KR0170953B1 - Method for fabricating air gap of optical projection system - Google Patents

Abstract

The present invention relates to a method for forming an air gap of an optical path control device, wherein a protective film is formed on the upper surface and both sides of an actuator by photoresist, and then the sacrificial film is removed by hydrofluoric acid carried in nitrogen gas. Then, in order to remove the hydrofluoric acid remaining in the optical path control device and the water generated during the removal of the sacrificial film, washing with IPA, heat treatment to rapidly dry and remove the protective film with oxygen plasma. Therefore, in the present invention, since the optical path control apparatus is washed with IPA and thermally dried after removing the sacrificial film, the actuator may be inclined toward the driving substrate due to the surface tension to prevent sticking.

Description

Air gap formation method of optical path control device

1 is a cross-sectional view of an optical path control apparatus in which sticking is generated according to the prior art.
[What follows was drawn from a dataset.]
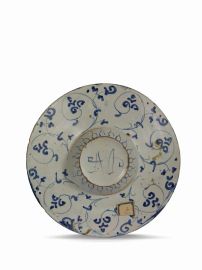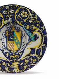 Earthenware painted in blue, orange, copper green, antimony yellow on a creamy-white glaze.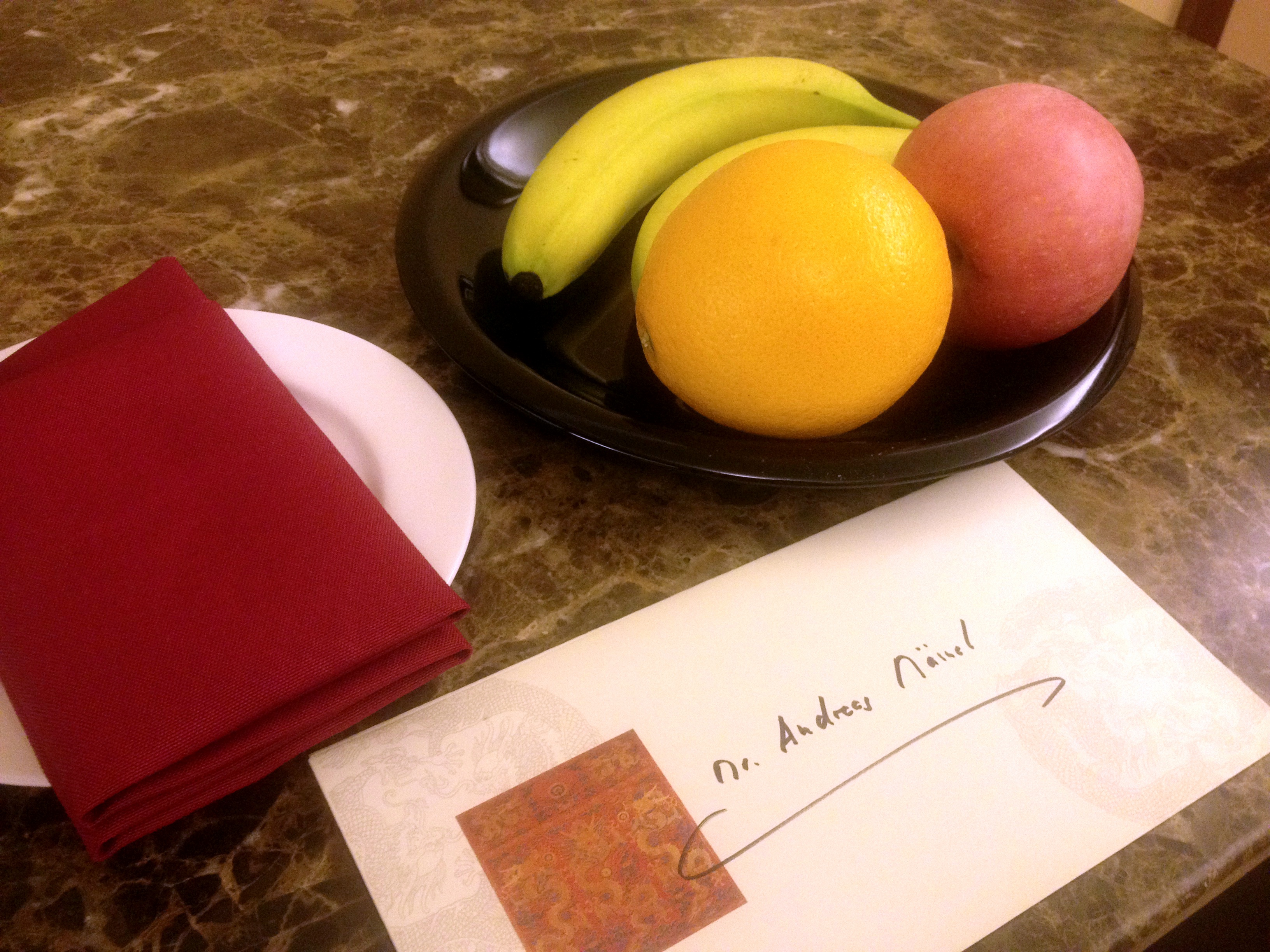 I had remaining Starwood points and was running low on my cash, so I decided my time in China would be spent in Starwood hotels, moving from place to place trying to get the next level of status. The first stop was on the northeast side of the city closer to the airport: The Great Wall Sheraton. The hotel staff spoke little English. They tried to put me in a room with two queen beds, which I didn’t believe I’d booked (looking back I actually had…oops). Since they didn’t have any others available with only a king bed, they upgraded me to a suite. It was so late, I think they decided to give me somebody else’s suite. I had fruit and a personalized card made out to Dr. Andrees Naisel. The rooms were outdated, but they appeared to be quite grand back in the day.

2 is a flow chart of the air gap forming method of the optical path control apparatus according to the present invention.
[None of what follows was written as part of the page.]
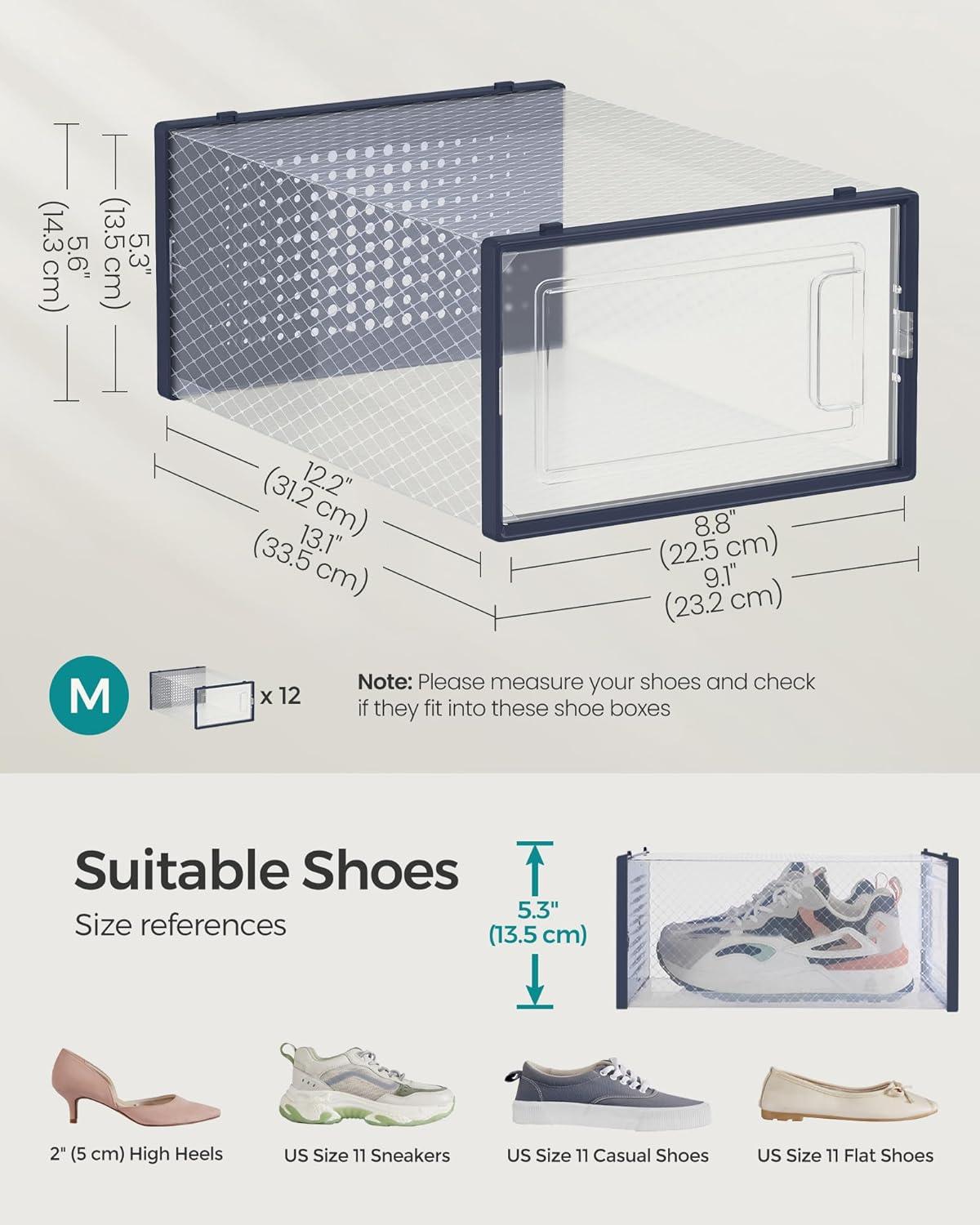 Compatible Shoe Sizes: This set of 12 foldable shoe boxes has inner dimensions of 12.2″L x 8.8″W x 5.3″H, fitting up to US size 11 for women’s shoes or size 9 for men’s shoes

* Explanation of symbols for main parts of the drawings

10: driving substrate 20: actuator

21: pad 22: membrane

23: opening 24: plug

25: lower electrode 26: deformation part

27: upper electrode 28: air gap

29: protective film 30: optical path control device

BACKGROUND OF THE INVENTION 1. Field of the Invention The present invention relates to an air gap forming method of an optical path adjusting device used in a projection type image display device, and more particularly, to an air gap forming method of an optical path adjusting device capable of preventing sticking occurring when a sacrificial film is removed. will be.

The image display device is classified into a projection type image display device of the direct view type image display device according to the display method.

The direct view type image display device includes a CRT (Cathode Ray Tube). The CRT image display device has a good image quality but has a problem such as an increase in weight and thickness as the screen is enlarged, and a price is expensive. There is.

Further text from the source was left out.